In a carburizing device of the related art, since main components
of a furnace bed are made of a metal material (for example,
heat-resistant steel), degradation of replacement components
progresses at a different degree from other replacement components,
for example, an insulating container made of a ceramic
material.
[0042] On the other hand, in the carburizing device according to
the present embodiment, since the main components (the receiving
member 3a and the leg member 3b) of the furnace bed 3 are made of a
ceramic material in the same manner as other replacement
components, for example, the insulating container 2, a replacement
time of the main components in the furnace bed 3 and a replacement
time of other replacement components can be substantially the same.

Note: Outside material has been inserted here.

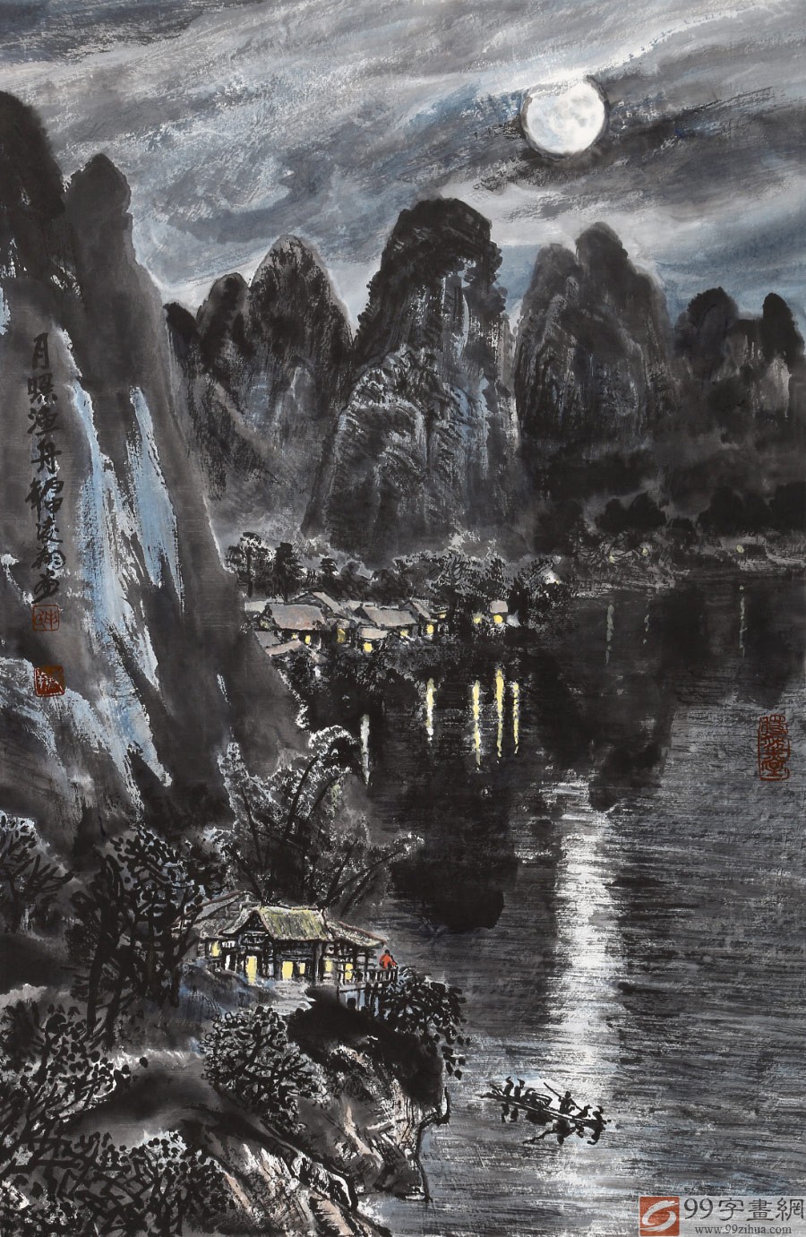 申凌翔,男,1953年生。五歲習畫,后拜師于李可染弟子唐緒祥(清華大學美術(shù)學院教授),主攻山水畫,注重寫生,其夜景山水,意境靜謐優(yōu)美、具有非常鮮明的藝術(shù)風格,為畫界推崇,是公認的漓江夜景山水畫的名家。數(shù)十年來,申先生除了外出寫生,很少出門,苦心作畫,少與外界接觸,因而保留了一些原始的特質(zhì),在社會日趨同化的今天,藝術(shù)家能保存一份純真,實在難能可貴。

Therefore, according to the carburizing device in the present
embodiment, it is possible to simplify the maintenance more than in
the related art.
[0043] In addition, in the furnace bed 3 according to the present
embodiment, since the leg member 3b is detachable from the chamber
1, workability when the leg member 3b is replaced is good. In
addition, when the locking pin 3f is removed, the receiving member
3a and the leg member 3b can be easily separated, and therefore the
receiving member 3a and the leg member 3b have good
maintainability.
[0044] In addition, in the furnace bed 3 according to the present
embodiment, the lower end of the leg member 3b is not directly in
contact with the inner surface of the chamber 1, that is, the lower
end of the leg member 3b faces the inner surface of the chamber 1
with the enclosed space M, which serves as an insulated space,
therebetween. Accordingly, it is possible to suppress heat inside
the carburizing chamber S from being released to the outside
through the leg member 3b and the chamber 1.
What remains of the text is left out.